Homeworld tax slows this down but does nothing to stop it.

The underlying problem is that if you build a cash colony you get an *income* while if you make some money making and selling a combat ship, you get a one time lump sum of money. Which means that if you wait long enough and the cash colony does not get destroyed, building cash colonies *always* gives more money for your efforts. Which basically kills trade except for newbies and roleplayers. It also leads to hyperinflation, where people have more billions than they know what to do with. Eventually they pay insane prices to the last remaining player who does offer something for trade, and after a such few deals the trader retires from the trading business as now he too has more money than he will ever use.

Mankind solved it by removing money income altogether and letting players earn money by selling minerals to an NPC trade base. This lead however to endless resource hauling to the NPC trade base, which was unpopular with players. So recently Mankind re-introduced some modest income from hi-tech cities, which are expensive to build and are limited to a maximum of 10 cities per player.

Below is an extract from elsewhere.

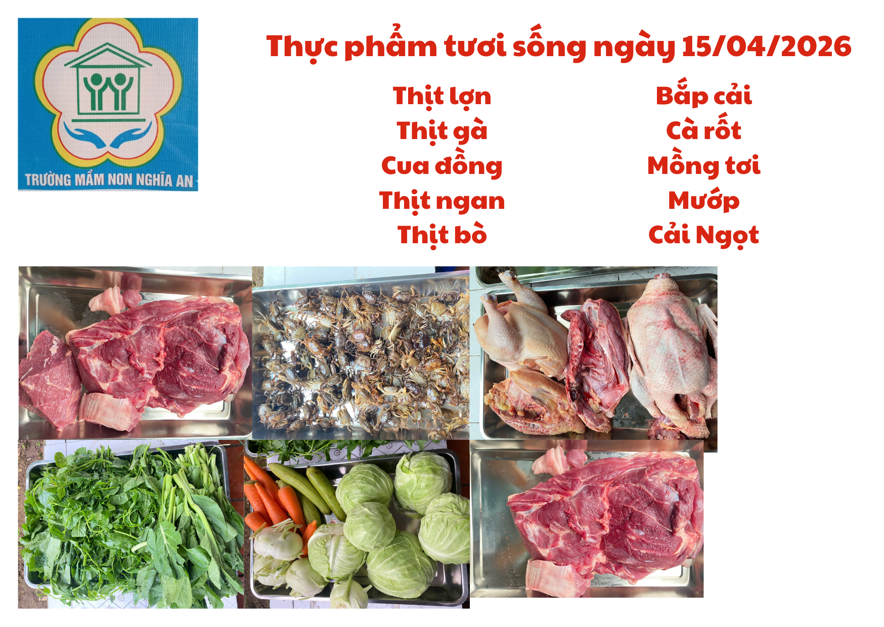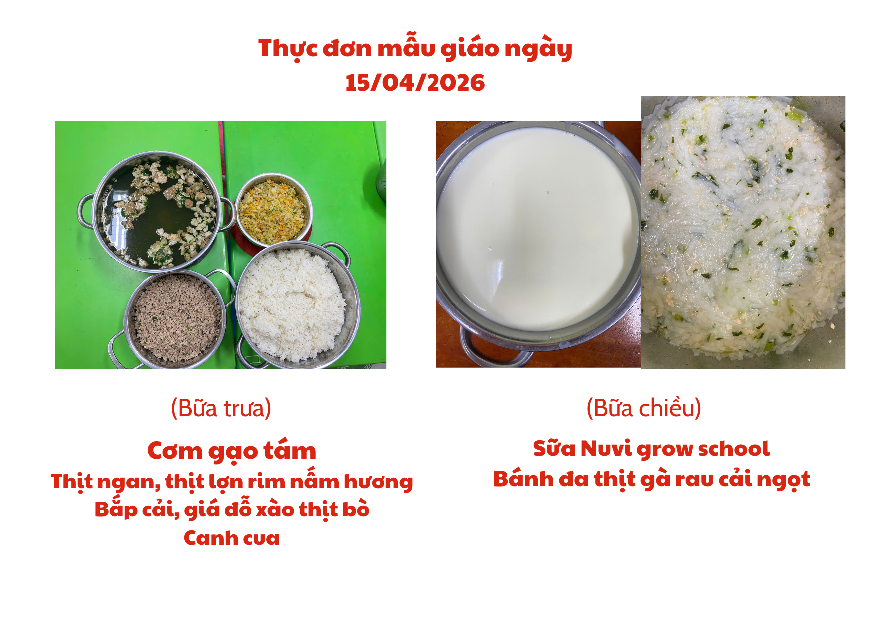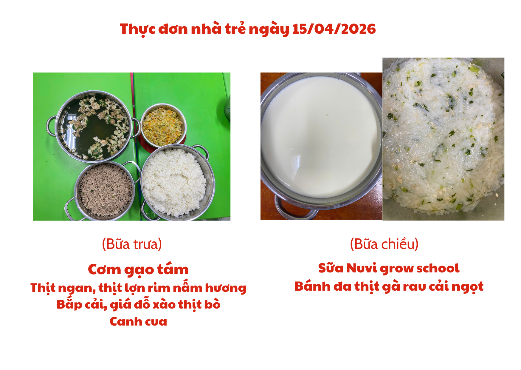 Thực đơn cho trẻ ngày 15/04/2026

I`ve considered removing money from the game and let the buildings simply work for themselves, but wasn't satisfied with it. Also adding increasing economic penalties as you get further away from your main base, or adding extra penalties for every additional base is not a good solution as this discourages expansion and exploration. I've considered letting players not have one bank account, but multiple bank accounts, one per solar system, but that leads to other problems.

I don't have a good solution for this problem. Unless somebody has a good idea, I'd go for a combination of lowering income from bases, adding new ways to make money that give a large lump sum of money for effort rather than an unending income, decreasing the importance of money in the game (by placing more importance on the availability of rare minerals (*) ) , and a boost for newbies to speed up initial growth.

Giving newbies too much however will lead to multiple account abuse, where a player registers multiple acounts and sends the newbie bonus income to the main account. A partial way to solve this is to give players with the rank of Magistrate or Governer a discount on everything they buy (not giving extra money as this can be sent to another account).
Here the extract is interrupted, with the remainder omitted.